-- RECORDS FOR THIS TASK follows --
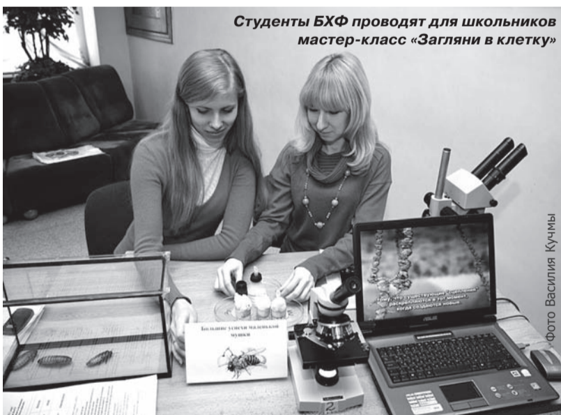
Студенты БХФ проводят для школьников мастер-класс «Загляни в клетку»

Только за несколько месяцев реализации Программы было проведено около 1500 мероприятий,
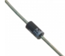
1N4731 G Microsemi Corporation DIODE ZENER 4.3V 1W DO204AL
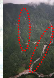
日之影町黒仁田1,2 溪間工:谷止工3基
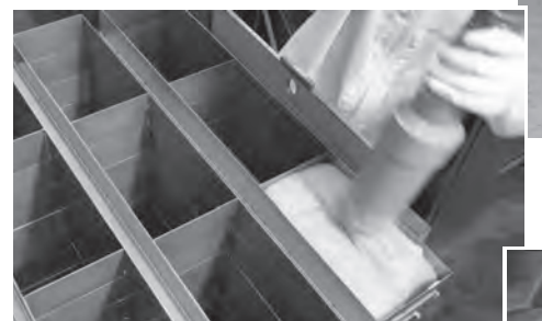
↑生のりと凝固剤を練り機で混ぜ、空気が入らないよう型枠へ入れ8時間炊く。
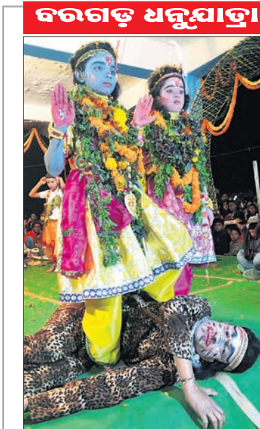
ଗୋପପୁରରେ ଶ୍ରୀକୃଷ୍ଣ କଂସ ପ୍ରେରିତ ରାକ୍ଷସକୁ ବଧ କରୁଛନ୍ତି।

ମଥୁରାଜଗରୀ/ଗୋପପୁର, ୩।୧ ବରଗଡ଼ ଧନୁସାତ୍ରା ମହୋତ୍ସବର ଚତୁର୍ଥ ଦିବସ ଶୁକ୍ରବାର ଉତ୍ସବ ମଥୁରାଜଗରୀ ଓ ଗୋପପୁରର ଦୁଶ୍ୟାଭିନୟ ଚୁଡ଼ିକ ବିରାଜିତ ଥିଲା। ଗୋଟିଏ ପଟେ ଶ୍ରୀକୃଷ୍ଣଙ୍କ ବାଲ୍ୟଲୀଳା, କଂସ ପ୍ରେରିତ ରାକ୍ଷସାଚାର୍ଯ୍ୟ ବଧ ଏବଂ ଅନ୍ୟପଟେ କଂସ ମର୍ମାହତ ଦୁଶ୍ୟାଭିନୟ ଅଭିନୀତ ହୋଇଥିଲା। କଳାକାରଙ୍କ ନିଖୁଣ ଅଭିନୟ ଦେଖିବାକୁ ମଥୁରା ଓ ଗୋପପୁରରେ ବର୍ଷକକ ଭିତ ଜମିଥିଲା। ନନ୍ଦଭବନରେ ନନ୍ଦରାଣୀ, ନନ୍ଦରାଜା ମେଲାଣି ଦେବା ପରେ ଶ୍ରୀକୃଷ୍ଣ ଓ ବଳରାମ ଗୋପ ବାଳକଙ୍କ ଗହଣରେ ଗୋପ ନଗର ପରିକ୍ରମା କରିଥିଲେ। ଗୋପବାସୀ ପ୍ରତି ଘର ସମ୍ମୁଖରେ ଝୋଟି, ପୂର୍ଣ୍ଣ କନ୍ଦସ ଘୁମନ କରି ବେନିଭାଇକୁ ପୂଜାର୍ଚନା କରିଥିଲେ। ଗୋପପୁର ପରିକ୍ରମା ସାରି ଗୋପାଳ ବାଳକଙ୍କ ଗହଣରେ କୃଷ୍ଣ, ବଳରାମ ଗୋପ ମହୋତ୍ସବ ଯାଇଥିଲେ। ସେଠାରେ ଶ୍ରୀକୃଷ୍ଣଙ୍କ ବିଶ୍ୱରୂପ ବର୍ଣ୍ଣନା ଅଭିନୀତ ହୋଇଥିଲା। ଏହାପରେ ସେଠାକୁ କଂସ ପ୍ରେରିତ ପୁତ୍ରନ, ବକା, ଶକଟା, ଦୁଶା, ଧେନୁ, ଷଣ୍ଢା, ଅପାଘୁର ଆଦି ରାକ୍ଷସା ଚାରଣ୍ୟ ପହଞ୍ଚିଥିଲେ। ମାତ୍ର ଶ୍ରୀକୃଷ୍ଣଙ୍କ ଘର୍ଷଣରେ ସେମାନଙ୍କ ନିଧନ ହୋଇଥିଲା। ଅନ୍ୟଦିନ ଭଳି ମହାରାଜ କଂସ ଦିନରେ ମଥୁରା ଭ୍ରମଣରେ ବାହାରିଥିଲେ। ସେ ବାଣିଜ୍ୟକର ଅଧିକାରୀଙ୍କୁ (ସେକ୍ତର୍ୟାକୁ
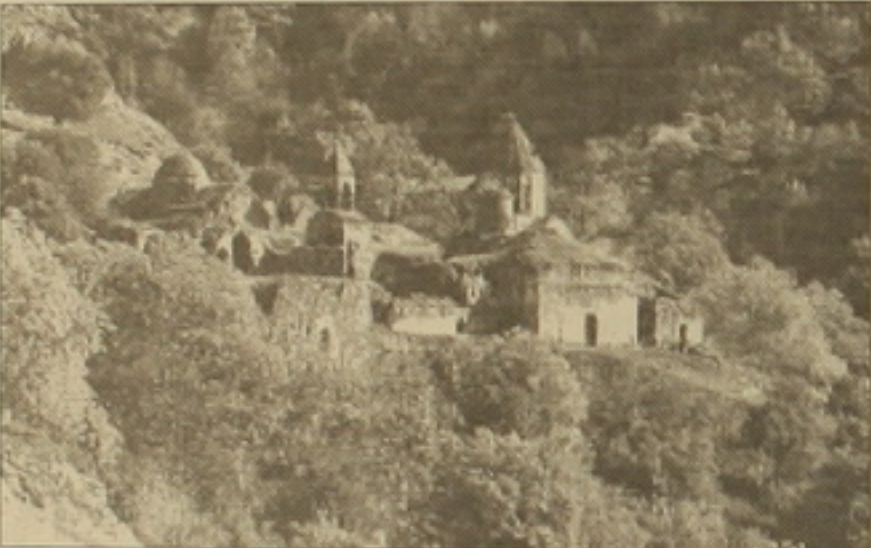
Գարիվանի մզկիթը գրմա

Զարսկ 5-ը ներկա Հայաստանի հարսեղ է: Ի վերջո գրողի հետևյալն է զարմացում: Խորհրդային իշխանության օրմ Արցախի ու Արցախի սարսափում գեներալ հազարավոր էրիտրոնական հուշարձաններ ու եկեղեցիներ հաճախ ոչնչացվում, իսկ լավագույն դեպքում ա-
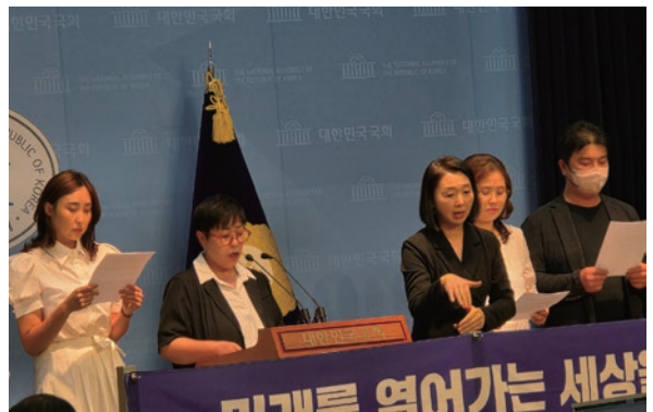
동탄의 정치하는 엄마,아빠 181명 이재명후보 지지선언 국회 기자회견
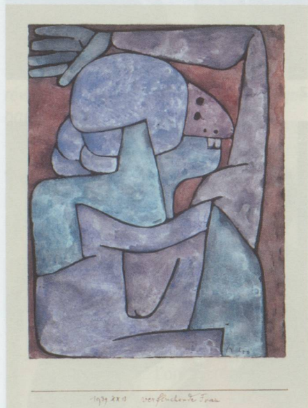
Paul Klee. Verfluchende Frau , 1939, 913 Aquarell, Tempera und Bleistift auf Grundierung auf Papier auf Karton. 32 x 24/23,6 cm. Privatbesitz Schweiz, Depositum im Zentrum Paul Klee, Bern

Musée historique de Berne, Helvetiaplatz 5, CH-3306 Berne. Du 7 octobre 2010 au 13 février 2011, du mardi au vendredi de 10 h à 20 h, samedi et dimanche de 10 h à 17 h.
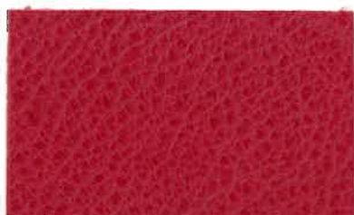
D-202 クリムゾンレッド (Crimson Red)
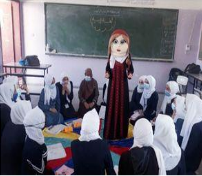
استراتيجية القصة باستخدام الدمى
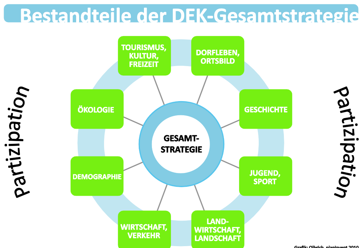
Grafik: Olbrich, planinvent 2010

Mit der Erstellung eines Dorfentwicklungskonzeptes bietet sich die Möglichkeit zur fachübergreifenden, individuell auf Milte bezogenen Betrachtung aller relevanten Aufgabenfelder. Die Grundlagenermittlung entlang der Themenfelder Dorfleben und Ortsbild, Geschichte, Jugend und Sport, Landwirtschaft und Landschaft sowie Wirtschaft und Verkehr stellt einen ersten Schritt bei der Konzeptentwicklung dar. Die dort gesammelten Erkenntnisse wurden in eine Stärken-Schwächen-Chancen-Risiken-Analyse überführt, welche die Ausgangsbasis für den Workshop und die Arbeitskreissitzungen zur Projektentwicklung sowie für die Entwicklung der Gesamtstrategie bildete (vgl. Abb. 3, mehr zum Ablauf in Milte außerdem in Kap. 1.2).
-- RECORDS FOR THIS TASK concluded --
- YOUR ASSIGNMENT: Above are entries with pictures among them. Write out exactly the lines from the one containing "Գարիվանի մզկիթը գրմա" through the one containing "동탄의 정치하는 엄마,아빠 181명 이재명후보 지지선언 국회 기자회견", ends included, and leave those pictures out.

- SOLUTION FOR THIS EXERCISE:
Գարիվանի մզկիթը գրմա

Զարսկ 5-ը ներկա Հայաստանի հարսեղ է: Ի վերջո գրողի հետևյալն է զարմացում: Խորհրդային իշխանության օրմ Արցախի ու Արցախի սարսափում գեներալ հազարավոր էրիտրոնական հուշարձաններ ու եկեղեցիներ հաճախ ոչնչացվում, իսկ լավագույն դեպքում ա-
동탄의 정치하는 엄마,아빠 181명 이재명후보 지지선언 국회 기자회견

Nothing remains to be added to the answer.